Even for the remarkable Mr. Lincoln…it wasn’t his own inner strength which created those famous words. Mr. Lincoln went to church. And not one of those trendy, new measures churches that were being swept up into the emotionalism of that era. No, sir…he attended an old school Presbyterian Church in the Capitol City. So Lincoln got a meaty diet of solid preaching about God’s providence, of how God’s good and gracious will unfolds in the affairs of men. And that still small voice of God’s Word gave to Lincoln’s own words their life and strength for the struggle of war.
Well, unlike Mr. Lincoln, Elijah is a slow learner. V14, heedless to everything God is doing around him, Elijah blurts out the same response as before. “I…I…I…” This time God shatters His self-focused prophet, nailing him with a new commission. Successors, vv 15-16; kings—Hazael for Syria, Jehu to replace the wicked Ahab (and that wicked witch of the north, Jezebel), and Elisha to succeed Elijah. Plus, v18, 7000 faithful Israelites, “all the knees that have not bowed to Baal, and every mouth that has not kissed him.” Elijah is far from being alone in these troubles.
So having turned Elijah inside out, from a solitary “I” to an all encompassing “We” …God sets His burned-out, fiery prophet free—free, reborn, reignited. God sends Elijah back with a new spirit to finish the work he was called to do.
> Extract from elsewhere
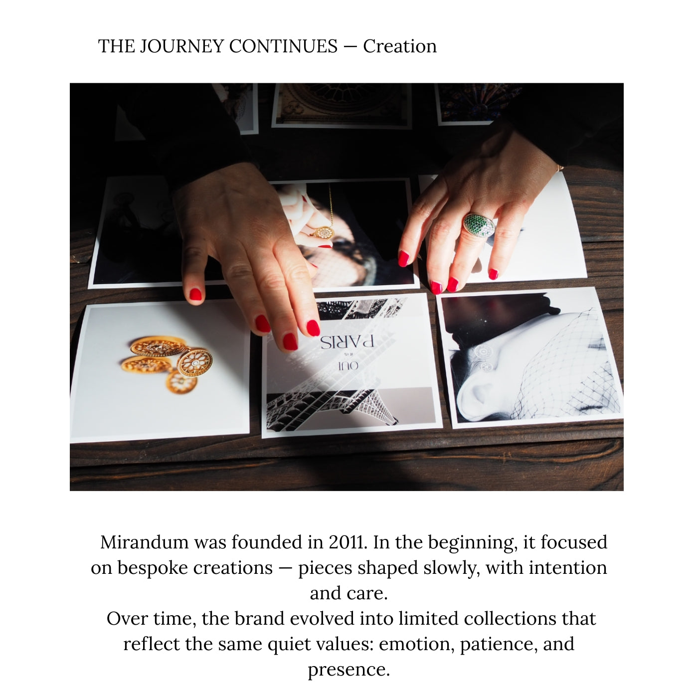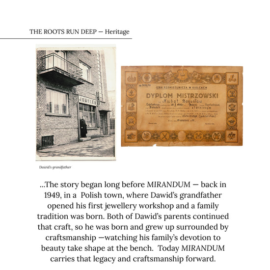 Mirandum Jewellery was created by Agata and Dawid — he, a third-generation jeweller and designer who shapes gold like sculpture, she, a make-up artist and photographer with an eye for light and emotion. Together, they created a space where beauty is felt — where art becomes touch, and craft becomes emotion.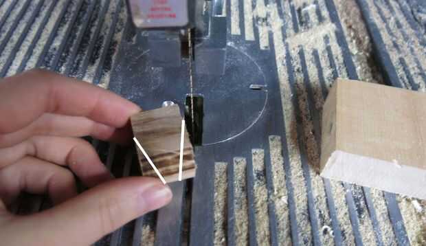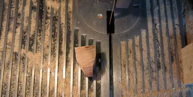 Sugerencia: utilizar otra pieza de madera para guía/mi anillo del empuje a través de la sierra. Esto es sólo una medida de seguridad que (esperemos) evitará que me corte los dedos!

It’s not just prophets and wartime presidents who can find themselves up-ended by the Almighty’s purposes. His Church today is getting it in the neck by sore abuse and scorn from within and without, by ambivalence all around. Congregations turn in upon themselves and are sorely tempted to abandon the solid foundation of Preaching and the Sacraments, to chase after new measures more immediately self-gratifying.
And it’s not only the Church these days, but individuals too—of strong faith or little—individuals are finding themselves in the midst of such turns of events that they are crying out, “Enough! I’ve had enough! This is too much! Lord…take my life!”
But when, like Elijah, “too much” drives us in upon ourselves, it is only the hand of God, coming from outside ourselves, which can save us—the same hand of the inscrutable God who has laid the cross upon us, because He has His purposes—only the hand of this same God can touch us by His Word. “Yes,” He says, “It is too much…for you…but not for Me.”
And shattering us with His left hand, He also feeds us with His right by His eternal Word, lifting us with His life-giving Sacrament. And in His hands, His crucified hands, we find new life to return in faith to our own callings. Yes, the Almighty has His purposes…but in Christ we know…the judgments of the Lord are true and righteous altogether!